**TASK DETAILS:**
Pictures must not appear in the copy. Reproduce exactly, and only, the lines from the one with "引進日本耐震技術,於管體既有" through the end of the data below.

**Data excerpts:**
-- -- --

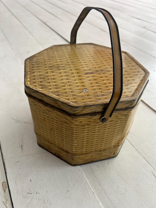 Vintage Brown Metal Tin Basket and Lid, Rusty Tin Vintage | Loose-Wiles Biscuit Company Tin Basket, Sunshine Biscuit Tin
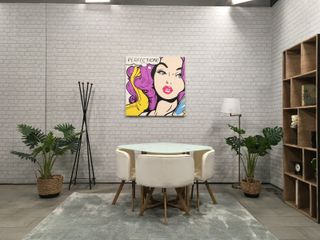 Elegante mesa con sobre de cristal y estructura metálica. - Diseño moderno con motivos gráficos. - Patas metálicas resistentes.
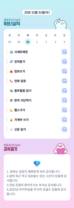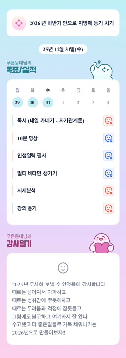 12/31 매일목실감(수고했어 2025, 어서와 2026)
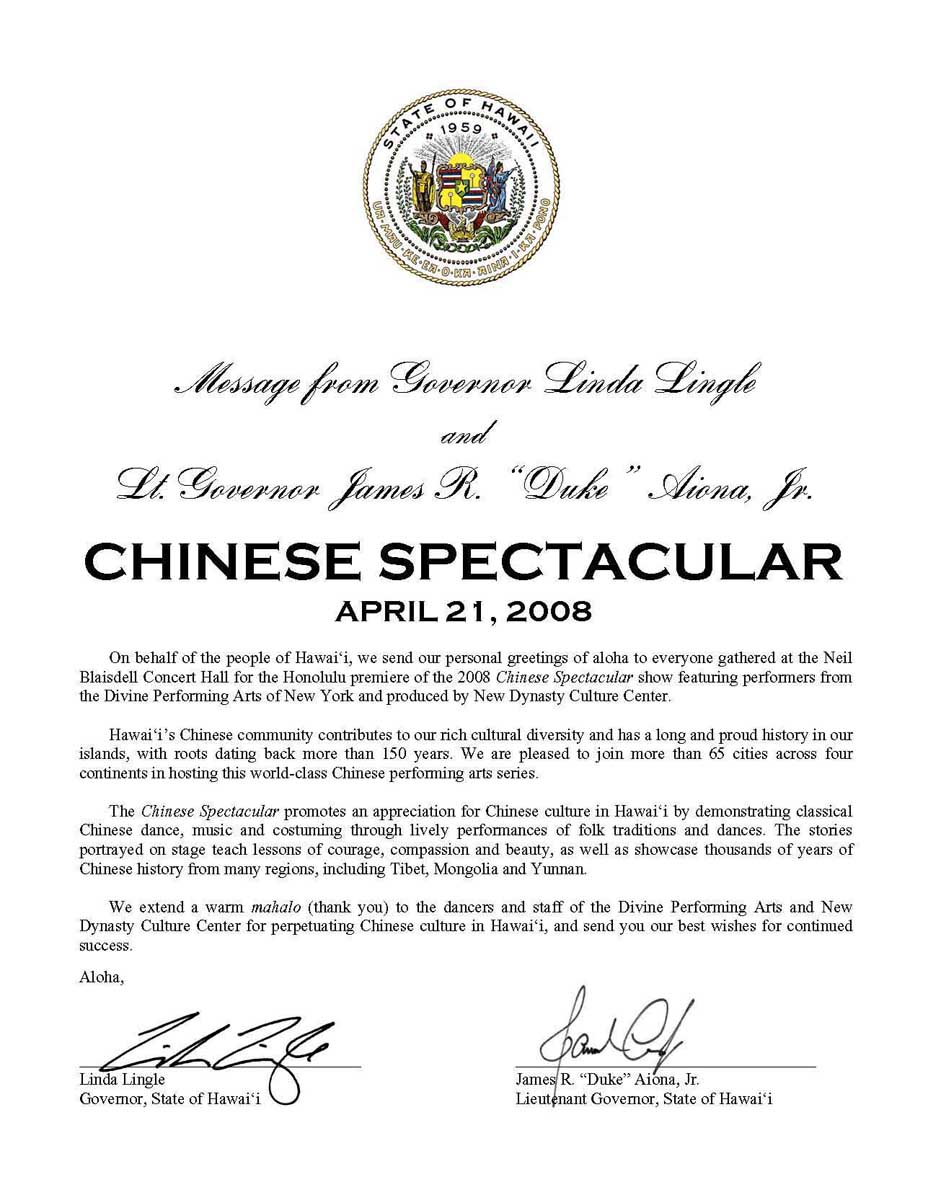 我们向神韵纽约艺术团和新!唐!人:文化中心的表演艺术家及工作人员们为在夏威夷弘扬中华传统文化,致以诚挚的感谢,以及对(你们)继续的成功呈上我们最美好的祝愿。
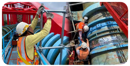 引進日本耐震技術,於管體既有伸縮管外部直接加裝伸縮拉桿及補強套管工法進行功能改善,提升水管橋耐震能力
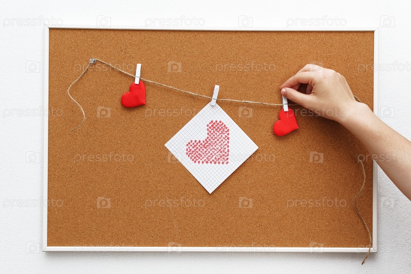 Рука человека вешает бумажные формы сердца на пробковую доску, которая висит на стене

-- -- --

**SOLUTION FOR THIS EXERCISE:**
 引進日本耐震技術,於管體既有伸縮管外部直接加裝伸縮拉桿及補強套管工法進行功能改善,提升水管橋耐震能力
 Рука человека вешает бумажные формы сердца на пробковую доску, которая висит на стене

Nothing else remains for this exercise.